13 L’opposante demande à la chambre de recours de rejeter le recours, de confirmer la décision attaquée, de refuser la marque contestée pour les produits compris dans la classe 5 et de condamner la demanderesse aux dépens. Ses arguments présentés en réponse peuvent être résumés comme suit:
– La division d’opposition a conclu à juste titre que l’usage de la marque antérieure était constant dans le temps et efficace.
– Les produits contestés compris dans la classe 5 sont similaires aux produits de la marque antérieure.
– Les produits désignés par la marque demandée s’adressent au grand public, y compris le public de professionnels spécialisés dans le domaine médical.
– L’argument de la demanderesse selon lequel le public pertinent fait preuve d’un niveau d’attention élevé n’est pas fondé.
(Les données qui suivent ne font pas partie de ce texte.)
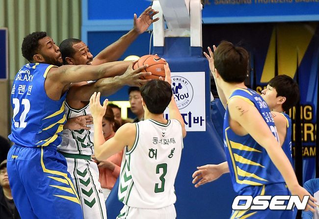 1쿼터, 삼성 클랜턴과 동부 사이먼을 비롯한 양 팀 선수들이 리바운드 다툼을 벌이고 있다.

Il ne ressort pas du libellé des produits contestés qu’ils s’adressent uniquement à des professionnels.
– Même si le niveau d’attention peut être supérieur à la moyenne en ce qui concerne certains des produits concernés, cela ne suffira pas pour éviter la confusion et/ou l’association dans les circonstances actuelles.
– Le fait que les signes présentent des similitudes importantes, ainsi que le fait que des signes similaires couvrent des produits identiques ou similaires, pourrait amener les consommateurs à penser que ces produits proviennent de la même entreprise ou d’entreprises liées économiquement.
– Le mot URINEX n’est pas descriptif pour les produits de la classe 5. En outre, l’enregistrement de la marque antérieure «URINEX» no 18 719 est utilisé en Roumanie depuis 1999 et jouit d’un caractère distinctif accru.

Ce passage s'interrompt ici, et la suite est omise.